FAQs

The scattering of acoustic pulses propagating through the atmosphere is generated by turbulent density fluctuations (velocity and temperature). In case of backscattering used typically for commercial sodar systems only turbulent temperature fluctuations contribute.

Therefore, low turbulence as observed during stable stratification and/or calm winds creates a significant decrease of the received signal intensity. High environmental noise raises the noise floor and further decreases the signal quality (i.e. the signal noise ratio, “SNR”). During strong convective conditions the high turbulence may allow under perfect conditions measuring ranges up to 1000 m and more. On the top of the boundary layer rapid decrease of SNR is observed limiting the maximum range of useful sodar data. In many situations the SNR becomes insufficient already far below the top of the boundary layer.

The atmospheric attenuation of sound depends on temperature and humidity, and as a rule, dry and cold environments increase attenuation while wet and warm environments decrease attenuation.

In moderate rain conditions the noise of the rain drops hitting the loudspeakers of the acoustic antenna will raise the acoustic background noise and will reduce SNR to some extent, in heavy rain showers the sodar data could temporarily be missed completely.

In principle, a sodar system can easily measure under foggy conditions and also inside clouds, contrarily to Doppler lidar systems. However, as foggy conditions are often related to low turbulence the height availability might be reduced.

The METEK internal record of a maximum measuring height of 1600 m was achieved at a costal site in Southeast Asia.

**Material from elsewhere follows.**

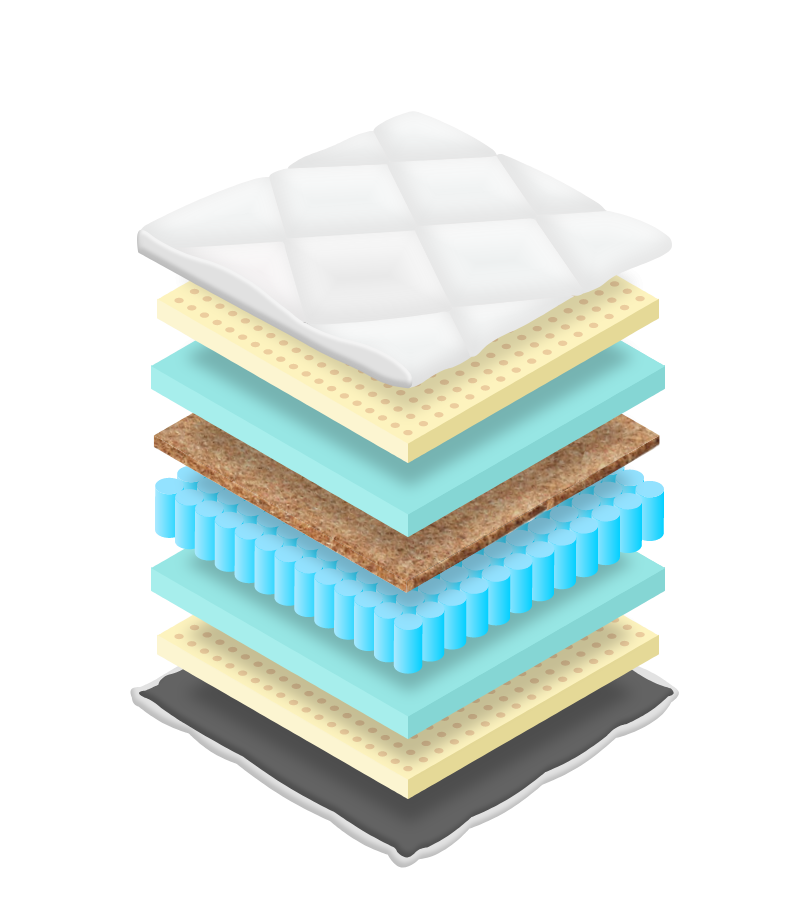 Strona twardsza materaca została wzbogacona o naturalną warstwę kokosa, która zwiększa stabilność i wytrzymałość, a także zapewnia antybakteryjne i antygrzybiczne właściwości oraz doskonałą wentylację. Dzięki temu materac skutecznie odprowadza wilgoć i utrzymuje optymalną temperaturę przez całą noc.

Strong winds and significant orographic structures created a strong backscattered signal while the attenuation at 35° C and 90 % humidity was low. In the Arctic on a flat, closed ice flow the maximum measuring height can be low as 50 m.

A sodar system requires a minimum of three non-coplanar beams to get three independent measures of the atmospheric wind flow (represented by a 3D vector). Unavoidably, these three beams will divert with increasing height. To compute a representative common wind vector from the three independent measurements a horizontally homogenous wind flow is assumed. This is fulfilled in most atmospheric conditions for time intervals of 10 … 30 min. However, under strong convective conditions this basic assumption is still not fulfilled. The consequence is an increase of the statistical error in the computed 3D wind vector (i.e. the derived wind vector will fluctuate in direction and length).

Besides the limitation of height availability due to the noise produced by rain or hail any kind of precipitation will also produce an extra signal contribution representing the falling speed of the precipitation particles. As the falling speed of precipitation is in good approximation the same for all antenna beams, this effect is eliminated when the 3D vector is calculated. The calculated wind profiles can be used also under such conditions.

A fixed echo is generated as a reflection (not a backscattering) of a part of the transmitted acoustic pulse at (solid) non-moving structures like buildings, towers, trees or similar. It is always an extra contribution to the received signal, therefore the backscattered intensity (reflectivity) of the sodar system will show a certain increase in a fixed height.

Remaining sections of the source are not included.